By way of T's gradually developing awareness of how the practices that have made him successful are the very actions causing losses in the natural world, Millet shows the answers to two of my most perplexing questions: how will mankind ever wake up to the damage being done and will we wake up in time to avert our own extinction? Her answer to the first is, very slowly. To the second, possibly not.

One of the recent developments in writing style is evident in How the Dead Dream. It is a certain deadpan, reportorial, removed voice. I am coming across it more and more in contemporary fiction and sometimes find it disconcerting. I wonder if the trend in non-fiction writing toward a more creative, literary style is having an inverse effect on fiction toward a fact-based journalistic style.

Millet took me into the psyche of T but with a distinct lack of sentiment. And yet, when he loses his girlfriend, her rendering of the grief process is one of the best I have ever read. Some of the scenes between T and animals have the potential to rend the heart with a Steven Spielberg-type sentimentality, but she never crosses that line. She keeps her distance. It is as though she were practicing tough love on her readers, saying this is what real life is made up of, so you better just suck it up and keep trying for some semblance of being admirable.

In the end, the book did not end but left me hanging. Then I remembered it was the first of a trilogy and there is more to come. Some readers complain about author manipulation. I've never been much bothered by it. I expect an author to have her way with me. Why else would I read so much? Along with the voice I mentioned above, Millet's prose is also poetic, even other worldly at times.

Reader, beware. You will be manipulated and you might just like it.


Wednesday, January 09, 2013

CLOUD ATLAS






Cloud Atlas, David Mitchell, Random House Inc, 2004, 509 pp



What can I say? I had a hard time with this book, extremely hard. If it hadn't been made into a movie this year, it would still be on my shelf where it has been for many years and I would still be filled with the anticipation of a great read. But the movie was released, I have read the book, and I feel like a failure because I did not really love it and I can't gush.

All my pride as a reader is gone. After dissing reading group members who whine about too many characters, too much jumping around in time, having to read dialect, I have been defeated by all of the above.

I wonder if I should take a class on Cloud Atlas so I can have it explained or at least be made to write a paper or take an exam, forcing me to find and answer the right questions.
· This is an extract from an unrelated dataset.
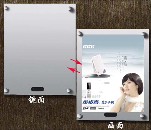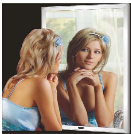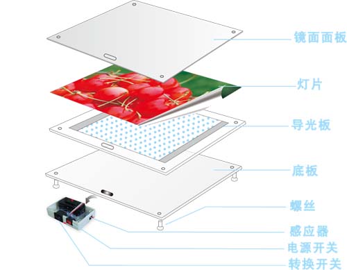 感應(yīng)燈箱的制作跟水晶燈箱類似,主要區(qū)別是此款燈箱的面板采用的是半透鏡的面板,而且在燈箱內(nèi)安裝了一個感應(yīng)器,所以感應(yīng)燈箱的結(jié)構(gòu)(如下圖)也有所不同感應(yīng)器燈箱的主要性能是可以以兩種形態(tài)存在(人在時鏡子,人遠離時是廣告畫面).
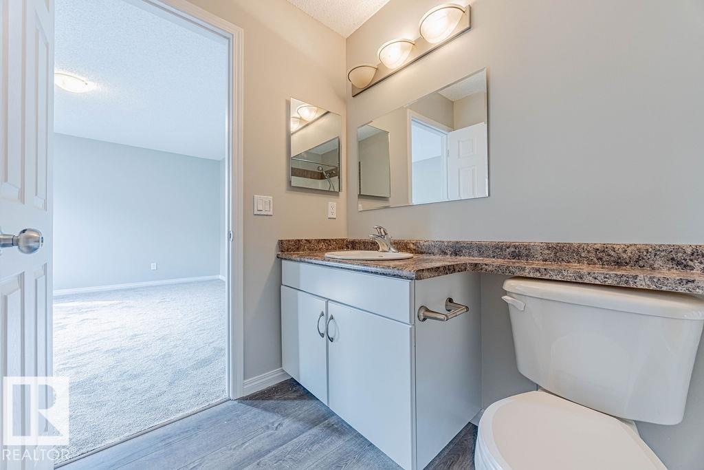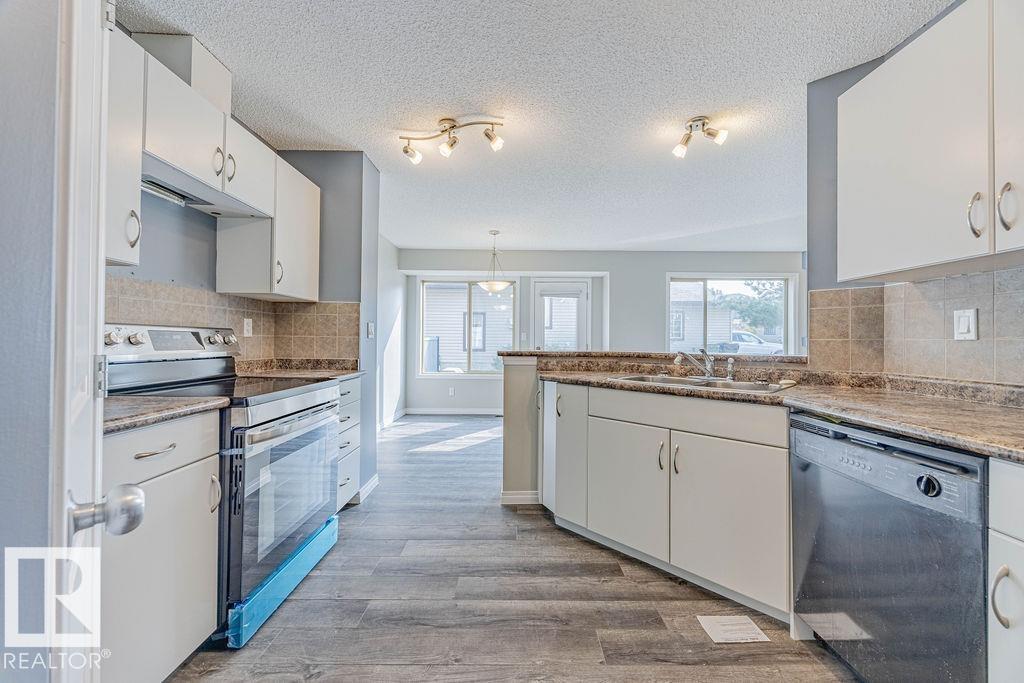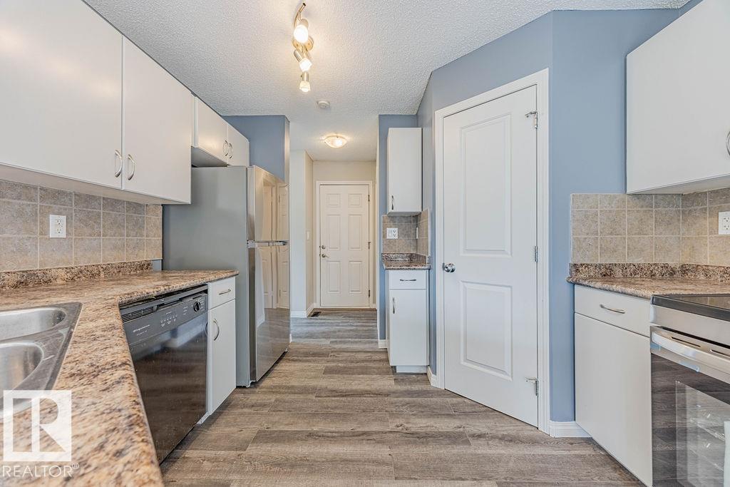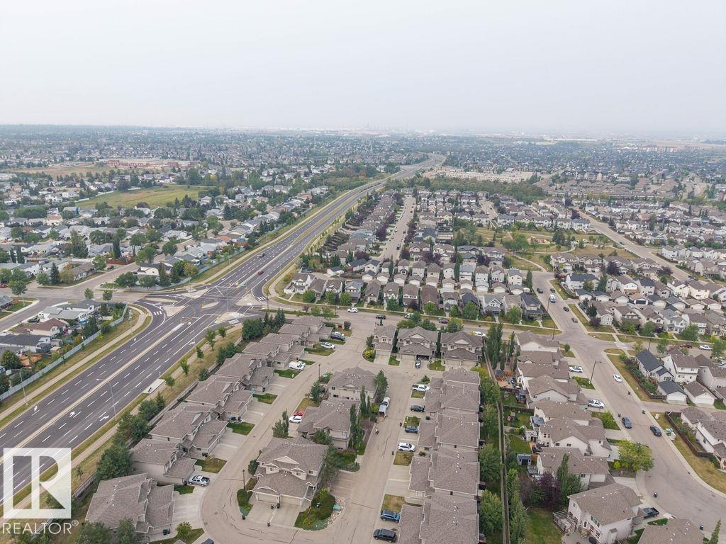 Welcome to this bright and stylish half duplex, perfectly located near schools, parks, shopping, and easy access to Anthony Henday. Step inside to an open-concept main floor featuring a brand-new kitchen appliances, corner pantry, and a cozy dining area overlooking the patio. The spacious living room is highlighted by a charming corner gas fireplace, perfect for relaxing evenings. A convenient 2-piece bath completes the main level. Upstairs, you?ll find two large primary bedrooms, each with its own 4-piece ensuite, offering comfort and privacy, one of the bedrooms has walk in closet with window. A versatile loft-style sitting area makes the perfect home office, reading nook, or TV room. The basement is unfinished and full of potential, ready for your personal touch. Outside, enjoy a patio yard space and the convenience of a double attached garage. This home is move-in ready with fresh paint, new carpet, throughout?a true must-see!

OK, there were some parts I liked, some characters I remember. I can admit, grudgingly, that Mitchell created and mastered all those different voices and styles. I got his message that we are ruining our planet and our fellowmen. 

I can tell you one thing for sure: at a 2.5 hours running time, I will not be seeing Cloud Atlas in a theater. I would have to pee at least once and I would surely need a smoke.


(Cloud Atlas is available in various formats by order from Once Upon A Time Bookstore.)

Thursday, January 03, 2013

THE HOUSE AT TYNEFORD






The House at Tyneford, Natasha Solomons, Penguin Group, 2011, 351 pp


I read this for one of my reading groups and found it fairly good historical fiction. It stands out as yet another story derived from the global event called World War II. I don't suppose we will run out of tales about that for a good long time.

Elise Landau is 19 and forced to emigrate from Vienna to England in 1938 because she is Jewish, her father is a novelist out of favor with the Third Reich, and her parents want to keep her safe. Apparently, many young, affluent girls escaped Europe on a domestic service visa to Great Britain in those years.

Elise had been spoiled by her family's comfortable circumstances in Vienna including a rich social life due to her mother's status as an opera singer and her father's fame as a novelist. Arriving at the Tyneford House on the wild Dorset coast, she found it difficult to adjust to being a servant rather than being served.

In truth, the story was like The Secret Garden for adults. The writing is nicely done, except for a tiresome tendency of the author to begin each chapter with a page of description. Fortunately Ms Solomons writes well about the beauties and fitful weather of the area.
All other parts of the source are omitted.